# The Beaver Chronicles



## wyogoob

Where I come from beaver was standard table fare at all the wild game feeds. Normally 2 or 3 different beaver dishes were offered at every event. I haven't had beaver since 1988, in Lac La Ronge Saskatchewan and I'm hungry for it.

My son-in-law does nuisance trapping and yesterday he gave me a fresh yearling beaver. This thread chronicles my culinary adventures with the big rodent. 

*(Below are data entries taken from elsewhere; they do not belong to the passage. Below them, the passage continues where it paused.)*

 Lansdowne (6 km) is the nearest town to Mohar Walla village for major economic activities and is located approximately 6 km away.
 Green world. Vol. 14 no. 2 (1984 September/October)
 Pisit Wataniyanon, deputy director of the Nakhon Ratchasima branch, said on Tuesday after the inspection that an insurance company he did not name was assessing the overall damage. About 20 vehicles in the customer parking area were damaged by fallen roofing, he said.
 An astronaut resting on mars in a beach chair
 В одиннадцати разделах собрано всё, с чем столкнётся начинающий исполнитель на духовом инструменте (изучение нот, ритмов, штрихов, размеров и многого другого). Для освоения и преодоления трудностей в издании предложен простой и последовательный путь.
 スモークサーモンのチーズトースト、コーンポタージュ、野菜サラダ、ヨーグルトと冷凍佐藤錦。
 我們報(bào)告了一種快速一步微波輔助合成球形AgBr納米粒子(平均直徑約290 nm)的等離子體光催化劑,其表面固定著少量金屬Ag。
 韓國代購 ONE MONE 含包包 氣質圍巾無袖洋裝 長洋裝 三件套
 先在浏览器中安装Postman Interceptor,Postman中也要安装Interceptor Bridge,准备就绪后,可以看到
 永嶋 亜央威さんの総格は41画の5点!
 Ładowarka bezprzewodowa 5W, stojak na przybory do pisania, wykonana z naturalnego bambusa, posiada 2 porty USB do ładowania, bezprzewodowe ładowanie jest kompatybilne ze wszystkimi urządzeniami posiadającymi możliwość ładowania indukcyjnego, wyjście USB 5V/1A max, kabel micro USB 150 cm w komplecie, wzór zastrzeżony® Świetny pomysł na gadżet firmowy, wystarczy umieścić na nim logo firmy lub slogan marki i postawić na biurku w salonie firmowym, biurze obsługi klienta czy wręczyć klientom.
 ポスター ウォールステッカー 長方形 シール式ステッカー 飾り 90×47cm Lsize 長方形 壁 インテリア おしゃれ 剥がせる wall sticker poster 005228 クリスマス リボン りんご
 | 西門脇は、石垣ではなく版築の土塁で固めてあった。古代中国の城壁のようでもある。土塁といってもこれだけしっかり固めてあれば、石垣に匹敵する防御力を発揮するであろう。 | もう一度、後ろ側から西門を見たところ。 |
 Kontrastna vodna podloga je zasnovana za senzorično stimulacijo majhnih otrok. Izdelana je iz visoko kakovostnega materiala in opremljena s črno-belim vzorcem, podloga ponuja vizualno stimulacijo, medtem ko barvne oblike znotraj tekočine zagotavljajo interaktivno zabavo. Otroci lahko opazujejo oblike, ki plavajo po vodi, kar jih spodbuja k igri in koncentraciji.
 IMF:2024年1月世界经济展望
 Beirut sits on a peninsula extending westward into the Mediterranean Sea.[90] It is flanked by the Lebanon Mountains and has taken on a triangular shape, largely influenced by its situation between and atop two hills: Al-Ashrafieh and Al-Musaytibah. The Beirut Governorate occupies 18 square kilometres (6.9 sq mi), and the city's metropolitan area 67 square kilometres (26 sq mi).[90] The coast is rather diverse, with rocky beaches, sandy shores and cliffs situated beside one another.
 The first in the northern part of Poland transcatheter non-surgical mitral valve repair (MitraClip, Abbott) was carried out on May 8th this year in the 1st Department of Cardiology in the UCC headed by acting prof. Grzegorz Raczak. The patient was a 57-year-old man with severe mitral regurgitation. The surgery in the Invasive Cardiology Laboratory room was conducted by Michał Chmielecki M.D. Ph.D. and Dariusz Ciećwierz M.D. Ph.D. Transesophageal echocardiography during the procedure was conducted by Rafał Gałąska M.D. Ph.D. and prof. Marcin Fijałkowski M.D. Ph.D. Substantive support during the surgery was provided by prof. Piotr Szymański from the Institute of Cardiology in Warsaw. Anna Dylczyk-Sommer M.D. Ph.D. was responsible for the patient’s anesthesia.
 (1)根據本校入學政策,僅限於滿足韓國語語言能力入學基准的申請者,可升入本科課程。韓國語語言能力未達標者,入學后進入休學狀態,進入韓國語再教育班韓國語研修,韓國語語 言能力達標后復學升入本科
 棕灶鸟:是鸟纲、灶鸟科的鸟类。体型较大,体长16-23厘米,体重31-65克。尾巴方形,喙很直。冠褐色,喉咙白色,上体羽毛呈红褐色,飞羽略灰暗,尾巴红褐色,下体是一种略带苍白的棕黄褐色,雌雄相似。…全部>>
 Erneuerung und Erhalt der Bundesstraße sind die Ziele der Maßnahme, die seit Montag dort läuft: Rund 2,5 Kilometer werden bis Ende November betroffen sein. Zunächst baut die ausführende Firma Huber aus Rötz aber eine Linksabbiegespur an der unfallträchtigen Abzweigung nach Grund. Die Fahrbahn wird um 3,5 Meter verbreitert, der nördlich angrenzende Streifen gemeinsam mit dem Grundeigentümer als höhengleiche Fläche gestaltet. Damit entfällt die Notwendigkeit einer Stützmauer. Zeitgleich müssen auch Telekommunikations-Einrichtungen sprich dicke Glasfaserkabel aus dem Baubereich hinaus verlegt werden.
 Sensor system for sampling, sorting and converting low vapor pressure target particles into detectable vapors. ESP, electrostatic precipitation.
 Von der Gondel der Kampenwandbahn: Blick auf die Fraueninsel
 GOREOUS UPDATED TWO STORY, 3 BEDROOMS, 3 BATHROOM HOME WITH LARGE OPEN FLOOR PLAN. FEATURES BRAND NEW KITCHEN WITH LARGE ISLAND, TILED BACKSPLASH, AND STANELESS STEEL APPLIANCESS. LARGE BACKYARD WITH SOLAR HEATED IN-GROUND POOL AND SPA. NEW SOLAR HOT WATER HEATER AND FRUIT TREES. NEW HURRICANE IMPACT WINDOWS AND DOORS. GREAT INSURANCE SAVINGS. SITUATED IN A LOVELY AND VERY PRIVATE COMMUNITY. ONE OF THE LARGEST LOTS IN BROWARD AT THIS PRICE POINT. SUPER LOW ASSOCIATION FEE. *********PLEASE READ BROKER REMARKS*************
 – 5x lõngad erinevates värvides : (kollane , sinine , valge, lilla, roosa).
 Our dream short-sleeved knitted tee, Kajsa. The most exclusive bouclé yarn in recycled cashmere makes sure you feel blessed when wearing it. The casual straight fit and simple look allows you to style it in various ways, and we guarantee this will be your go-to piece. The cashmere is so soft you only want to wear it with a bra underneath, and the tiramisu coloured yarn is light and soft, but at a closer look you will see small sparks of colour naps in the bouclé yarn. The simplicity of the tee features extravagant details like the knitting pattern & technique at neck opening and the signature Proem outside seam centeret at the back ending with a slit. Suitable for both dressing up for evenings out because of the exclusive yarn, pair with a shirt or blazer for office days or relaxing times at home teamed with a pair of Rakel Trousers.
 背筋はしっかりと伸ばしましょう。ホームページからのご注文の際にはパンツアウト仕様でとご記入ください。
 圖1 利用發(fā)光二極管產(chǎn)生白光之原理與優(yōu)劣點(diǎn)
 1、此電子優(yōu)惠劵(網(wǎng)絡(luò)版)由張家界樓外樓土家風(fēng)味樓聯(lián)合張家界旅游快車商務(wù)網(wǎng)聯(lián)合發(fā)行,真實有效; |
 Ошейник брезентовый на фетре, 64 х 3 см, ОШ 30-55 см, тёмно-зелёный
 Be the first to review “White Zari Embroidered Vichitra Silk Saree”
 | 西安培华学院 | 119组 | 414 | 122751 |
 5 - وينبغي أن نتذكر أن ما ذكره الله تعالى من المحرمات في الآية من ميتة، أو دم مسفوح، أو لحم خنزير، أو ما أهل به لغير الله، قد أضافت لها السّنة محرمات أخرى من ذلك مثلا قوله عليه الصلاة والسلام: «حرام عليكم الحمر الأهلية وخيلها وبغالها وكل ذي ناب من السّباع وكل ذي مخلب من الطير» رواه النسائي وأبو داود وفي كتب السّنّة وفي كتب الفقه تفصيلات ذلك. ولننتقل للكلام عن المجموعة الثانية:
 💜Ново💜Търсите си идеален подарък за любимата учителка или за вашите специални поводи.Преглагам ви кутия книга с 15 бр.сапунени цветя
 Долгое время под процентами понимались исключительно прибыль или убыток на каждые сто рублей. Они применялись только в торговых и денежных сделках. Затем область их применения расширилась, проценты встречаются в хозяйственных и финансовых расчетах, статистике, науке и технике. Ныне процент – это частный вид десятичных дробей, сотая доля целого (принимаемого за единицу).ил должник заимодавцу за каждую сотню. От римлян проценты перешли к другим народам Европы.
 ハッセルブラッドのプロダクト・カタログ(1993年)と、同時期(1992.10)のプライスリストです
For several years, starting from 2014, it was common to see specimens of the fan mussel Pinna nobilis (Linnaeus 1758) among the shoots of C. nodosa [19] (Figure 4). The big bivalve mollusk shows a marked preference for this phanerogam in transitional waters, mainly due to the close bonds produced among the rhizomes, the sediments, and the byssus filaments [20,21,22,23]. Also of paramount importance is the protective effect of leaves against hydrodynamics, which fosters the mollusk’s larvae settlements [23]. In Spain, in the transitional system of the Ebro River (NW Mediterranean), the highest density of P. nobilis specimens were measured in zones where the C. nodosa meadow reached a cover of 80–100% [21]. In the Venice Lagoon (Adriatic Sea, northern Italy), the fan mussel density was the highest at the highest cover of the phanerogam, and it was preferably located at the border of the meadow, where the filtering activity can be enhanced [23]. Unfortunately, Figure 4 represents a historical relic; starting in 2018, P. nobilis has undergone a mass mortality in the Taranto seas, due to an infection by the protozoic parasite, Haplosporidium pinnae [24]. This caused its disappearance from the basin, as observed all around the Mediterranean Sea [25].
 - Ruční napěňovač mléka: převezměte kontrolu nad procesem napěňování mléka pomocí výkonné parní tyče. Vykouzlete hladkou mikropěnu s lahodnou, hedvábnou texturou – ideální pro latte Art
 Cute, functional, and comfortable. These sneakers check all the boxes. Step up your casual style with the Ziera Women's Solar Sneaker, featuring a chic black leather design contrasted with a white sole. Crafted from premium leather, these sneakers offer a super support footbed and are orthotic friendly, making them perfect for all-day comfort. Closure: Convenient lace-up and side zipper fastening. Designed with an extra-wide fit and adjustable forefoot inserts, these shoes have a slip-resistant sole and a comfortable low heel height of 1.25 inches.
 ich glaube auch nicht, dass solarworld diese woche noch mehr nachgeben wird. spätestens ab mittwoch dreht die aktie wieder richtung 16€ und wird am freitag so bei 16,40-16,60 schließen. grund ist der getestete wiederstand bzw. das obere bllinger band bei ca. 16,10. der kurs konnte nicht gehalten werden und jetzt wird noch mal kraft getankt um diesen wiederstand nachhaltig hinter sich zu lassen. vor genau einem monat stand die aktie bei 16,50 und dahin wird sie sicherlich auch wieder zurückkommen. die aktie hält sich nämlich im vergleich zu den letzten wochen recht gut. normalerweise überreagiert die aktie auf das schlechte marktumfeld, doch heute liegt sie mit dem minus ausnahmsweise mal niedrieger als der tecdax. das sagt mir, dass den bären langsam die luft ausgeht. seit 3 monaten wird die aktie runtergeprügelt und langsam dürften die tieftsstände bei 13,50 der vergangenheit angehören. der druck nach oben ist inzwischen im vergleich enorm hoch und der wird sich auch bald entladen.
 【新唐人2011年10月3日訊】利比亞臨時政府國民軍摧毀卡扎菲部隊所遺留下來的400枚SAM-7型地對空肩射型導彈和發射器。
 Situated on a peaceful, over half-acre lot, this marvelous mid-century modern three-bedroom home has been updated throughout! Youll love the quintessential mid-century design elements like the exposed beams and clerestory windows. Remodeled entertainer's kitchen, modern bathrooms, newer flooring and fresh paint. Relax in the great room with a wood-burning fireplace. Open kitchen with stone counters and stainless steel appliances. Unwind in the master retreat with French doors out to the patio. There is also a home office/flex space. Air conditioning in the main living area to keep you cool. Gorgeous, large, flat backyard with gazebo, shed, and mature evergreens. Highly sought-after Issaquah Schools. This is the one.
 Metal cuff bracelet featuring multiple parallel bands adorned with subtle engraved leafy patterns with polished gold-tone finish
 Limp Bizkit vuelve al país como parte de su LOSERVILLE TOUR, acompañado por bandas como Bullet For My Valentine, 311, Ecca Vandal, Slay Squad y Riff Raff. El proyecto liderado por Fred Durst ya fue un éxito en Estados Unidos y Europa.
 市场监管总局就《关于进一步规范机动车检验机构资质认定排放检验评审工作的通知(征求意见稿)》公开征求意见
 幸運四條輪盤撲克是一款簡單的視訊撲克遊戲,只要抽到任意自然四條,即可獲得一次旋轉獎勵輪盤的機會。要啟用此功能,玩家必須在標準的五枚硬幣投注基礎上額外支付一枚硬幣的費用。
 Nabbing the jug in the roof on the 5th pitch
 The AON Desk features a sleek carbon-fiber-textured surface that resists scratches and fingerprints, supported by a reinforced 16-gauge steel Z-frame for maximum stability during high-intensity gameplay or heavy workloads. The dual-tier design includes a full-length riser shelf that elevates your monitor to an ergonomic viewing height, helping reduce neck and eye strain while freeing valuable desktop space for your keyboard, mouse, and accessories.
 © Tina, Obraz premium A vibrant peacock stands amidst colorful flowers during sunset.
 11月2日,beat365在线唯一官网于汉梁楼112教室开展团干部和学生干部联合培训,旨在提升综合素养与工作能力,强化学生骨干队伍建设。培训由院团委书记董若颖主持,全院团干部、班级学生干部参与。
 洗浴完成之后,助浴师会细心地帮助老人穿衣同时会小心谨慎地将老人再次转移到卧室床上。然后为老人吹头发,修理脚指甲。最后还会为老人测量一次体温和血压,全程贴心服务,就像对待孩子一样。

A yearling beaver fresh out of the trap:


A nice lean beaver, gutted with the castor gland removed:


Here's all of the beaver, except the head. I took the thymus glands off the briskets. They are the little pieces of meat on the top left in the picture below. Saved the heart and liver too. I've never eaten beaver liver before. They say it tastes like goose liver, we'll see:


Proportionately beavers have a large liver:


Here's the beaver tail and the butt piece. Beavers store fat in their tail and butt. The gelatinous fat has no flavor but great "mouth feel". The butt is muscular and fatty and has that wonderful willow taste you'll find in moose and ptarmigan:


Besides the big ole castor gland beavers have 4 small scent glands, 2 on the back between the shoulders and 1 under each armpit. Be careful not to accidentally cut these nasty glands with a knife. Here's a picture of the "kernels" that come from the armpits:


Gawd, who doesn't love beaver? This will be fun. Recipes will follow.


----------



## wyogoob

*beaver sweetbreads*

I've never purposely had beaver sweetbreads before. You'll only find them on young beavers, the thymus gland sort of disappears when the animal reaches maturity. I'm sure I've unknowingly eaten them though. They can be hard to find if you don't know what you're looking for. They're at the top right in this picture; not much to them:


Nothing magical about cooking beaver sweetbreads. Roll in seasoned flour and fry in butter. Add a splash of wine to the butter if you like: 


Surprisingly, the glands have little flavor. Don't over cook them:


----------



## TPrawitt91

Goob you sure know your way around wild game. That's impressive. Looks real good!


----------



## wyogoob

*beaver butt soup*

As mentioned before beavers store fat in their tails. There's little meat there, just a mess of gooey fat with hardly any flavor. There is however a "butt" structure behind the rear legs that also stores fat and has a fair amount of muscle used to power the tail.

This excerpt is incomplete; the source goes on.